GIVEN INFORMATION
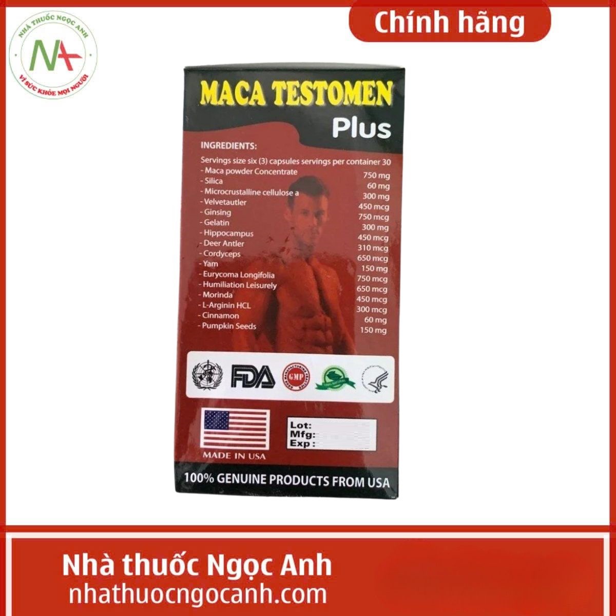 Maca Testomen Plus có thành phần chính bao gồm:
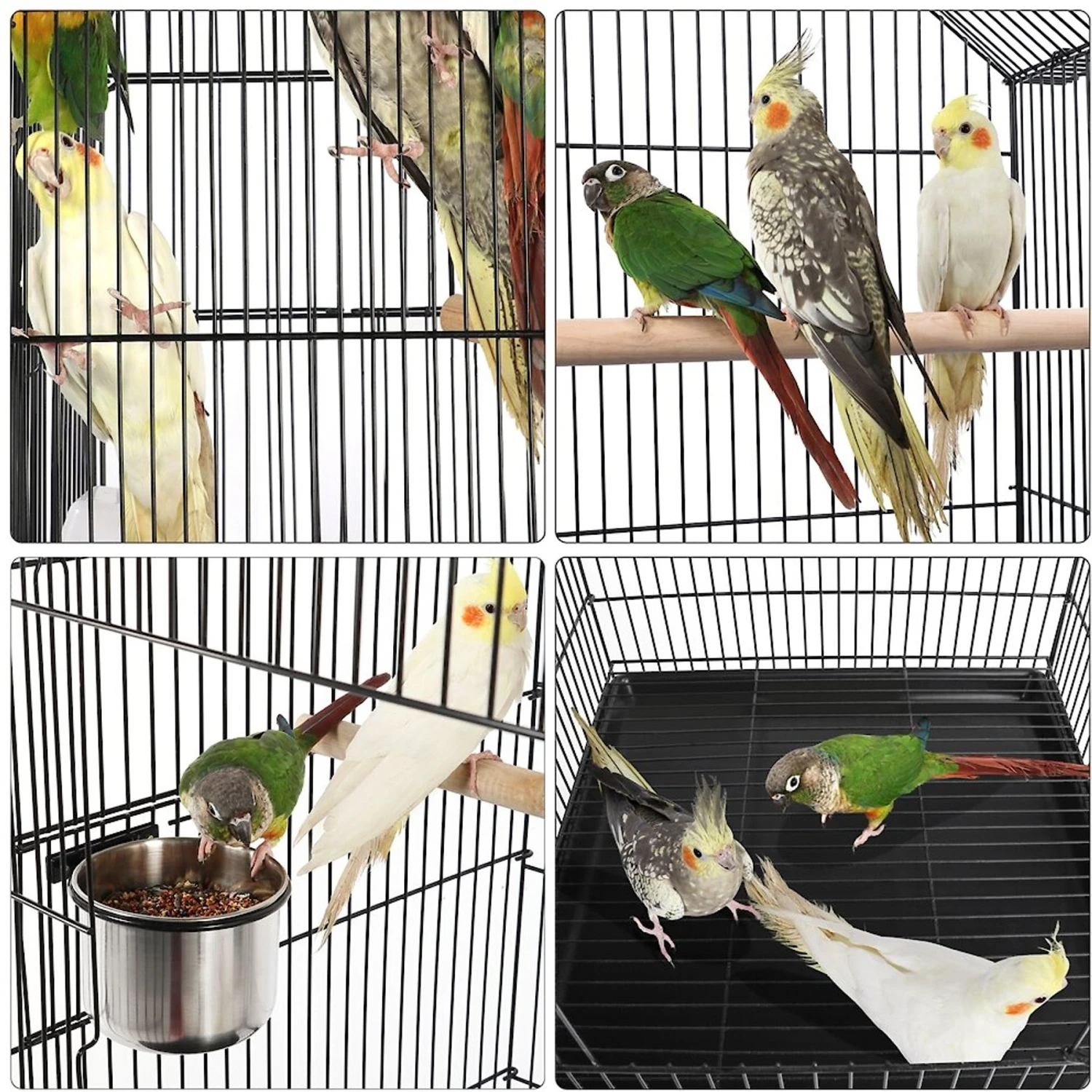 - Storage shelf attached to the cage offers extra space to keep food, cleaning tools, toys or treats.
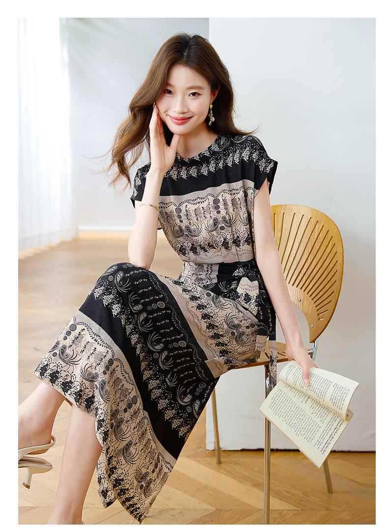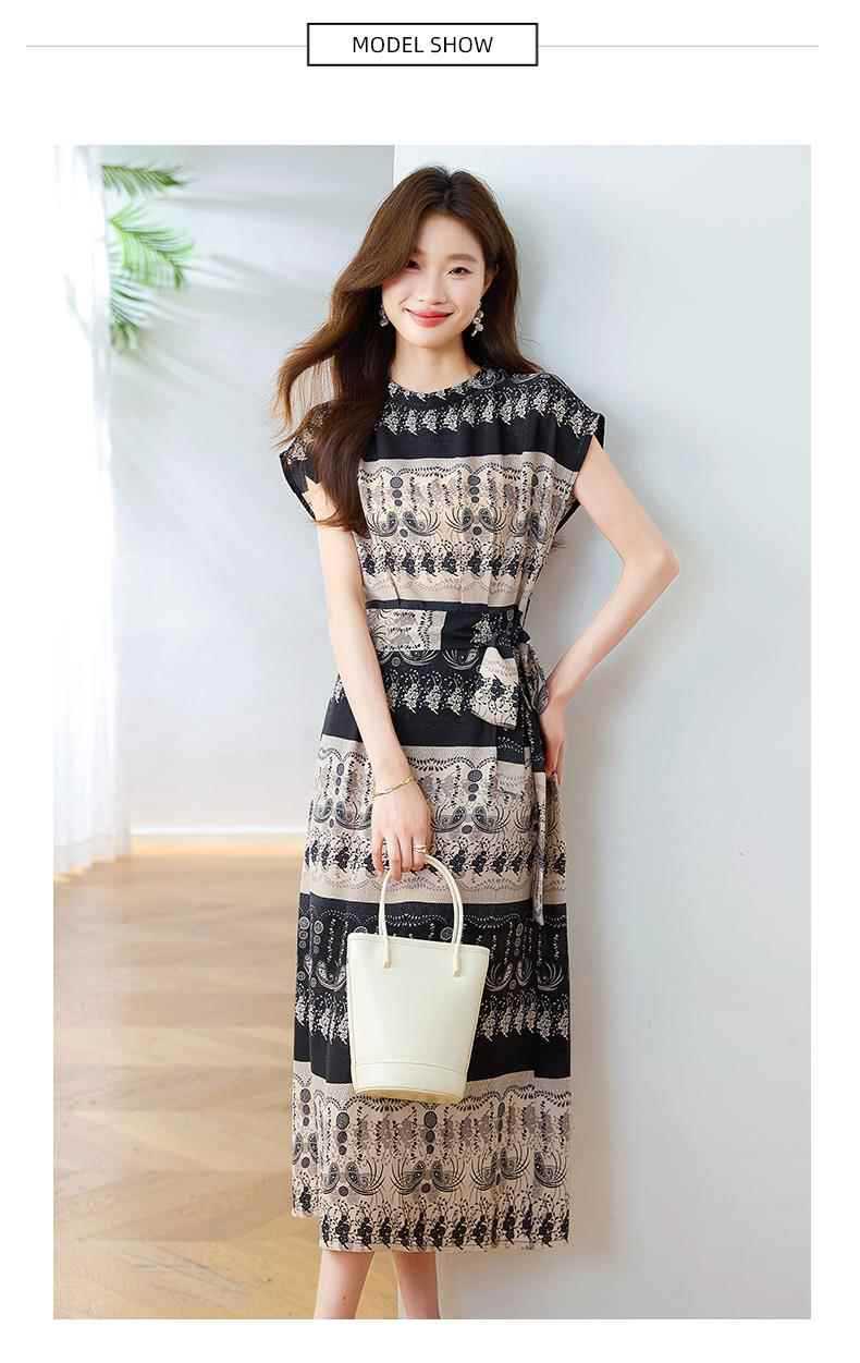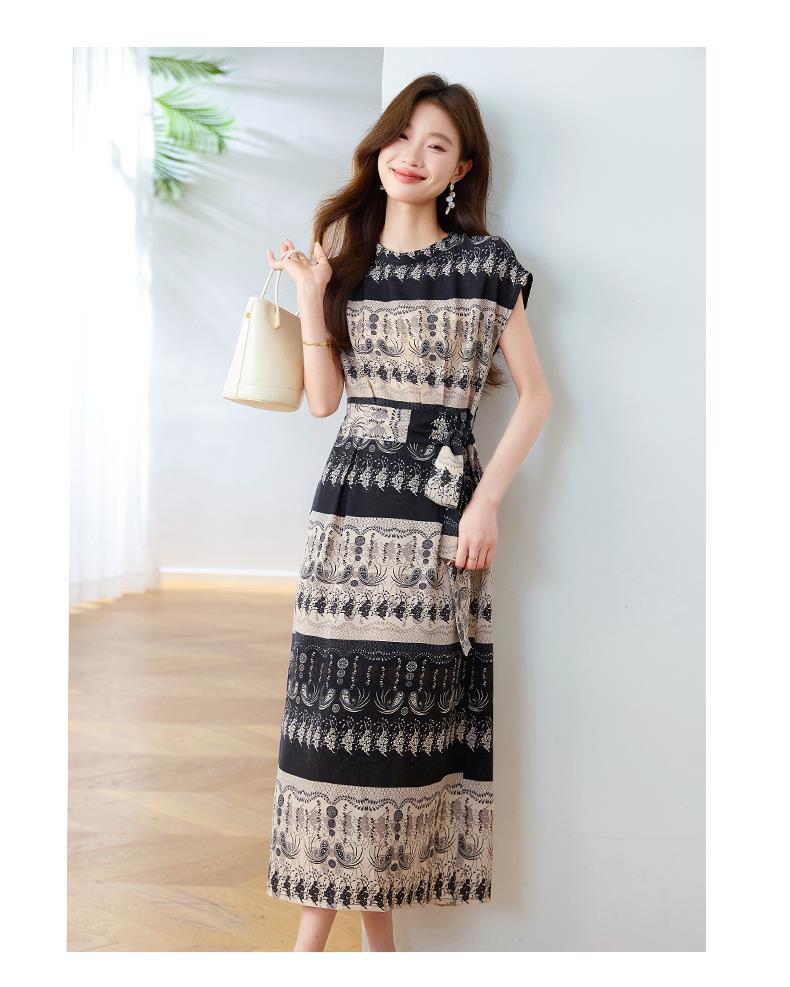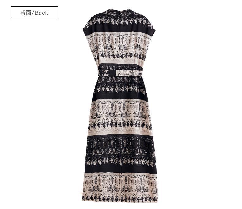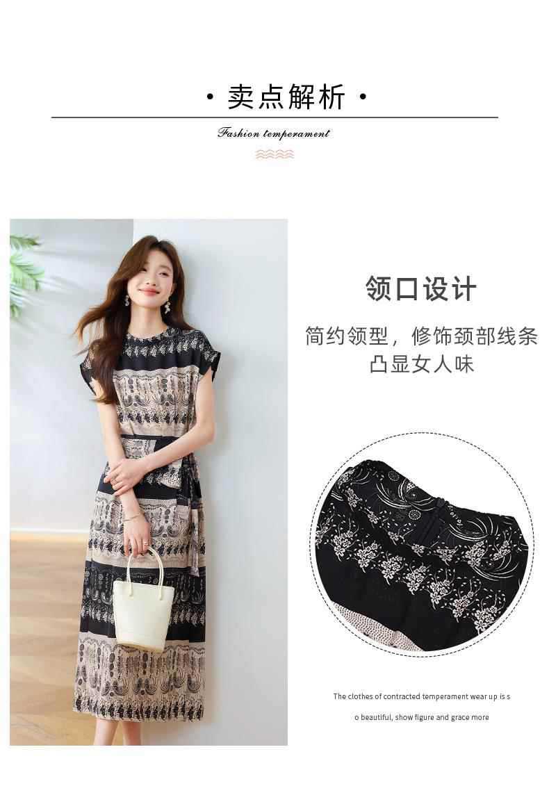 时尚气质复古休闲撞色,印花收腰显瘦好看连衣裙HR-BBL5013

PROBLEM
The whole listing above is to be printed again exactly; pictures stay out of it.

RESPONSE
 Maca Testomen Plus có thành phần chính bao gồm:
 - Storage shelf attached to the cage offers extra space to keep food, cleaning tools, toys or treats.
 时尚气质复古休闲撞色,印花收腰显瘦好看连衣裙HR-BBL5013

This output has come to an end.